Llega con frescura de atardecer la brisa de mar. El Chory arranca con su infinito Manisero. La dulzura de la rumba extiende la proclividad al silencio. Se establece un extraño clima, como si todos estuviéramos en una sala de espera. Sólo El Chory unifica y sintetiza los tiempos de la Historia de Cuba, desde Guantanamera a Siboney. Comprendo que hay un ritmo raro, de vida detenida. Es lo que llaman «El tiempo especial». Como de dignidad amenazada por un inmediato estrépito. Como de catástrofe que no irrumpe.
Esperando a los bárbaros
Sí: toda Cuba parece estar esperando el alivio de la barbarie. Es como en el inolvidable poema de Kavafis, donde todos los personajes de la ciudad que se cree sitiada cumplen, no obstante, desganadamente sus funciones. Esperando a los bárbaros. Y se llega a la noche tibia y los bárbaros no aparecen. Las chicas de la terraza del hotel Presidente bostezan. Miran con ojos de pájaro a esos ejecutivos que prefieren hablar entre sí en alemán o en inglés.
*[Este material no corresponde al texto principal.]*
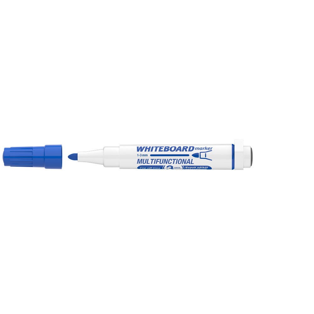 Multifunkciós táblamarker: - mágneses fehértáblára való írásra, rajzolásra. - speciális festékanyagának köszönhetően, néhány napig, kupak nélkül sem szárad be. -a kupakban elhelyezett mágnes révén, acél táblafelületeken rögzíthető. - az írás szárazon letörölhető, melyet a kupak végén található táblatörlő korong is segít. Kerekített csúccsal. Vonalvastagság: 3 mm. Katalóguskód: 19364

Mi amigo, el perro flaco, sigue echado como un destartalado perro de Giacometti, pero sin la fama parisiense del prototipo. El hambre ilumina: sabe que cuando cierren el comedor, algún atrasado pedirá hot-dogs recalentados.
En el poema de Kavafis todos esperan, incluso el rey. Y hay un final murmullo de desilusión al ver que los bárbaros no llegaron: «¿Y ahora, sin los bárbaros,/ qué será de nosotros?/ Esa gente, de algún modo, era una solución.»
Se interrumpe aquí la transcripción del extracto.